As explained in my previous articles on NuVista (OTCPK:NUVSF) (TSX:NVA:CA), this Canadian natural gas producer is an interesting story to follow. Unfortunately, the price of AECO natural gas is quite low these days, but NuVista has a cover story part of its production, and this, combined with still strong condensate and NGL prices, should ensure that the company’s cash flow will remain strong.
NuVista has a primary listing on the Toronto Stock Exchange where it trades with NVA as its ticker symbol and a market capitalization of just over C$2.3 billion. With an average daily volume of over 900,000 shares, listing on the TSX is clearly the best option for trading the company’s securities. NuVista’s largest shareholder with a stake of over 16% is Paramount Resources (POU:CA) (OTCPK:PRMRF) which I discussed in this recent article.
Despite hedge losses, Q2 cash flow was superb
In the second quarter of this year, NuVista saw its production rate decrease slightly to just over 65,000 barrels of oil equivalent per day. About 60% of its oil equivalent production is made up of natural gas, with just over 30% of the barrel equivalent provided by the production of condensate (which is sold at a price similar to the price of oil). NGLs accounted for about 10% of production and thanks to a price increase of 154% over the second quarter of last year for NGLs and 72% for condensate, these “by-products” added quite a bit value to NuVista’s production. manufacturing profile.
The combination of a higher production rate (compared to the second quarter of last year) and much higher oil and gas prices resulted in an increase in total revenues of more than 150%, from 188 M CA$ to just over CA$463 million. And as you can see below, although condensate made up just over 30% of oil equivalent production, it made up about 60% of total revenue, so while NuVista is for sure a gas player production-based natural gas, in fact, is not the most important product.
After deducting royalties payable on the production of these fossil fuels, net revenue was approximately C$392 million, and after taking into account hedging, total revenue was C$395 million. As you can see below, NuVista made over C$75 million in hedging losses, but on other positions, it recorded an unrealized gain of almost C$79 million. And as oil and gas prices have continued to fall, some of those unrealized gains will likely soon be monetized.
Total operating expenses were just under C$165 million, meaning NuVista reported pre-tax income of C$231 million and net income of just under C$178 million. Canadian dollars for an EPS of C$0.78. A very good quarter indeed.
The cash flow result was also quite strong, but investors are cautioned that operating cash flow includes hedging losses but does not include hedging gains until they are realized. The C$228 million in operating cash flow sounds pretty impressive, but there are a few things to consider here.

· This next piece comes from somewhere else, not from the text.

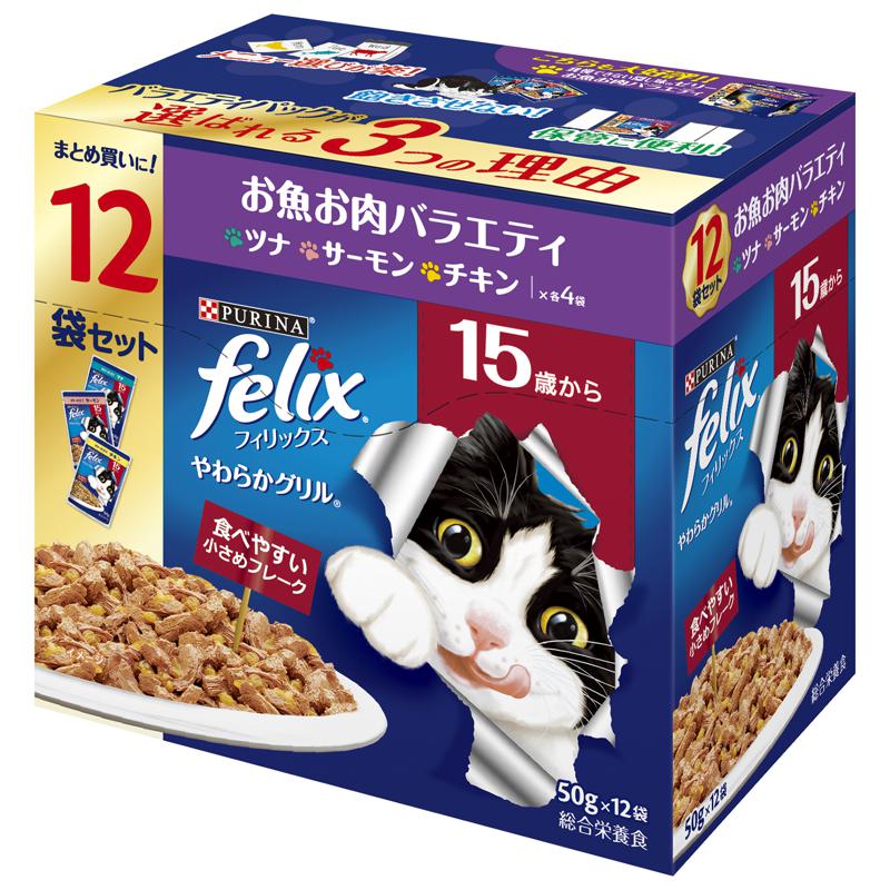 ネスレ日本 felix(フィリックス)やわらかグリル 成猫 お肉バラエティ 50g×12袋入

First, there was deferred income tax of almost C$53 million. This is good for now as NuVista does not expect to be taxable this year, but in its management discussion and analysis document the company clearly mentioned that it expects to be taxable in cash in 2023.
Second, there was a contribution of C$29 million from changes in working capital, while third, the company also spent C$1.3 million to make lease payments. Adjusting cash flow from operations for all of these items would result in cash flow from operations of C$145 million. Keep in mind that this still includes the approximately C$76 million in coverage losses.
Total capex was approximately C$115 million (bringing first-half capex to just under C$235 million). However, it is important to realize that capital expenditure includes a substantial amount of growth investment. As you can see below, NuVista’s planned sustaining investments are just under C$250 million. So I’m going to add about 10% and use sustaining investments of about C$70 million per quarter. Adjusted cash flow from operations in the second quarter would have been approximately C$75 million or approximately C$0.33 per share.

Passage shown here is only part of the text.